I have made the transition to living "off the grid". We have reduced our personal holdings to one modest sailboat and the things that will fit inside her hull. (We were unsuccessful in selling the house so it is rented at basically a "break even" price. When the current lease runs out we will try to sell it again.) With expenses reduced there is no need for to work for anyone else in any form; not as independent contractors, not as business owners, not as employees nor as consultants. We don't need "part time" or seasonal work. A modest amount of savings coupled with the money we have invested in Social Security should see us through. (Sorry T-party / Republicans, that is not an "entitlement" and I am not a "taker." Should you succeed in privatizing it and taking it away from me then you will be a thief. Should you do such a thing it is my hope the nation will rise up, burn your house down, and drive you into the wilderness.)

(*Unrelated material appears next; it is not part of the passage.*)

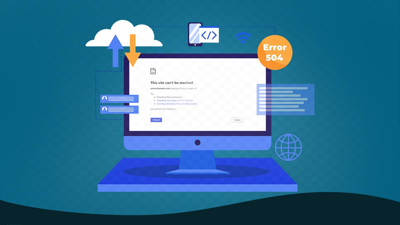 تظهر مشكلة الخطأ 504 نتيجة خلل في الاتصال بين المتصفح وشركة الاستضافة التي تستضيف موقعك، ومما يسبب حدوثه مشكلة في الإنترنت على حاسوبك الشخصي، أو تحديث اسم النطاق من فترة قريبة، وذلك لأن المتصفح ما زال يتصل بالنطاق القديم، أو نتيجة لجدار الحماية وإعداده السيء، بالإضافة لأسباب أخرى مثل موارد خطة الاستضافة أو خطأ في خادم الموقع وغيرها.

There is a transition period, moving from land to water. The boat is on the hard while we do final preparations for putting it in big, blue water. Our days are filled with relentless work; 8, 10, sometimes 12 hours at a time. The work is physical and demanding; sanding the hull, breaking down the rigging, pulling the propeller for overhaul, installing a wind vane, endlessly climbing the 12 foot ladder needed to get aboard - there is nothing easy about it. But it is completely different from working for a living. Everything we do is directly tied to how we live. This transition is a time for toughening up a body whose only exercise for the last couple of decades was found at the gym, parsed out a couple of hours a day a few times a week. Now activity is day long and already, just a couple of weeks into it, my body is adjusting. It was, however, an adjustment I had not anticipated.

In a like minor my heart and mind have to adjust as well; an adjustment also not anticipated. One that came as a complete surprise was a literal change in mind set. In these last few weeks something akin to a meme has become a mental habit. Calm, clear, content, compassionate, curious ... at any given moment I seek to have some combination of these as the ground state of my experience. When it isn't so, when some task at hand is proving utterly frustrating, when the day's efforts have left cramping muscles or a headache in their wake, or some bit of news has sparked an appropriate outrage, just repeating the five words helps restore the balance. The task will still be at hand, the muscles still ache, the anger still linger - but a different view will prevail. The task will get done, the ache is both honestly earned and will eventually fade, and the anger?

Well, anger is often the only response to injustice and evil. But being calm does not mean being passive. Clear thoughts are essential for getting from one place to another, for confronting an evil and finding a cure. Muddied thinking leads to dead ends and bad decisions and is often the cause of evil in the first place. It is possible to be utterly content with one's small part in engineering fundamental and drastic changes. Compassion is always good and particularly necessary when confronting an enemy. Without it one becomes what one opposes. And it is only the curious who make anything happen at all.